Retail in general is struggling all around the country because its unable to keep up with the prices of online stores like Amazon which gets more than half of the online business in the US. Amazon at its core is a web application so its costs are low compared to brick and mortar stores that have a far more costly set of expenses and more employees they must pay. (Amazon has huge warehouses where much of the work is automated, with complicated stocking tasks done by robots.)

 They are sending messages loud and clear that deliveries in the future will be automated.

Lots of malls are closing down and its not clear what will be done with the huge spaces they once occupied.


Retail had an arc that from my early memories in the early 60's went from warehouse like buildings for large retailers and smaller general stores to department stores that were more upscale to Malls and then Gallerias that were the pinnacle of the brick and mortar retail outlets.  The move to more upscale stores coincided with the increase in buying power of the middle class and spoke of the more upscale expectations the middle class had.  By the late 70's though the middle class were shutout of the gains in productivity they once had and by the early 80's the retail world reached its peak as a lagging indicator.  By the mid 80's Malls were in decline and by the early 90's the move back to discount warehouse outlets was in full swing.  All of this preceded the internet lets remember.

So, as the working class was shutout of the gains in productivity there income expectations began to decline and that decline, lagging the cause by 5+ years, resulted in the working class setting there sights lower for the first time since the Great Depression. 

By the mid 90's the PC had come of age and the Internet was just then becoming something useful and those two things were the final nail in retails coffin.  The smartphone was the hammer that drove the nail in hard.

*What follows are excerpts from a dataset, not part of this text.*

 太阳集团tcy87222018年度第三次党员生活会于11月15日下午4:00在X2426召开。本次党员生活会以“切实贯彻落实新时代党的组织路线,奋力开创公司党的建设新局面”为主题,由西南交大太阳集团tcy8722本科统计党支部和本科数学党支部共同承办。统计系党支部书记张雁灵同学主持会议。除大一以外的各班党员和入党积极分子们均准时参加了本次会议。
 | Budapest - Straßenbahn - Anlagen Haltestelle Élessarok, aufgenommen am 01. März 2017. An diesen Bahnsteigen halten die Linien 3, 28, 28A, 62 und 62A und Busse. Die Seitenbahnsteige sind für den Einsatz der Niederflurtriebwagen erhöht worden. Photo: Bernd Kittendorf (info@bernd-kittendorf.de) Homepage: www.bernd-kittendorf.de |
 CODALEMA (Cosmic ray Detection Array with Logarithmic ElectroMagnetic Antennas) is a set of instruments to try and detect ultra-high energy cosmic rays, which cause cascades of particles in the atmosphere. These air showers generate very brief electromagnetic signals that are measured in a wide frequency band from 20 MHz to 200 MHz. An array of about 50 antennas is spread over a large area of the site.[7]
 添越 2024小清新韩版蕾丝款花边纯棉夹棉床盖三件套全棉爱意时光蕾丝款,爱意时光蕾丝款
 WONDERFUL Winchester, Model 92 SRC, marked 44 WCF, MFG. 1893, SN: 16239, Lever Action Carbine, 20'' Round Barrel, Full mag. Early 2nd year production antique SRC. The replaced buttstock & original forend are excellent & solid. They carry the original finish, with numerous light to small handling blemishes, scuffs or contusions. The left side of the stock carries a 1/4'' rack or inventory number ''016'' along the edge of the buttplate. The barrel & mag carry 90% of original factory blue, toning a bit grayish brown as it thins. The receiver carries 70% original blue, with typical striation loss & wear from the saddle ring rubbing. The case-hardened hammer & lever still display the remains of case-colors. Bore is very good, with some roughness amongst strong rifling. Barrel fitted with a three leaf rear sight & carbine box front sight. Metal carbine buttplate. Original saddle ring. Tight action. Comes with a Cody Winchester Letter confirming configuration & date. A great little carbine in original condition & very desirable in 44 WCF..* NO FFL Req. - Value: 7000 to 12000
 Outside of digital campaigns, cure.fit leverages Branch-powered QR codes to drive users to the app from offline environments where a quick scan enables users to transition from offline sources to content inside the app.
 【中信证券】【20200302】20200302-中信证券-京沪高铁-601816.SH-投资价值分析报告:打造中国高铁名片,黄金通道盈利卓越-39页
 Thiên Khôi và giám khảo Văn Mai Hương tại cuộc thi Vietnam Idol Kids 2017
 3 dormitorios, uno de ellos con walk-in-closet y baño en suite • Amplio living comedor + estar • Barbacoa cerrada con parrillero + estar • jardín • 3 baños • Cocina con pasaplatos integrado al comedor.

As a child in the early 60's the large retail store we went to, Big Ben if I remember correctly, was a largish warehouse style department store built from a WWII Quonset hut like hangar building and the items were racked much like a Costco is today.  Not long after that my mom got a job at the newly opened Montgomery Wards which was typical of the next step with somewhat more upscale facilities.  By the late 60's we had our first Mall and by the late 70's the first Galleria.  That arc then reversed with the Malls dying a slow death as anchor stores went under and foot traffic slowed and the rise of the big box warehouse style stores like Wal*Mart and Costco grabbing up the working class shoppers while upscale shoppers continued to shop at the boutiques that only they could afford.  Interesting that this arc played out within a single lifetime.  I should add in case someone thinks I grew up in some backwater that I grew up in NY and within 75 minutes of NYC.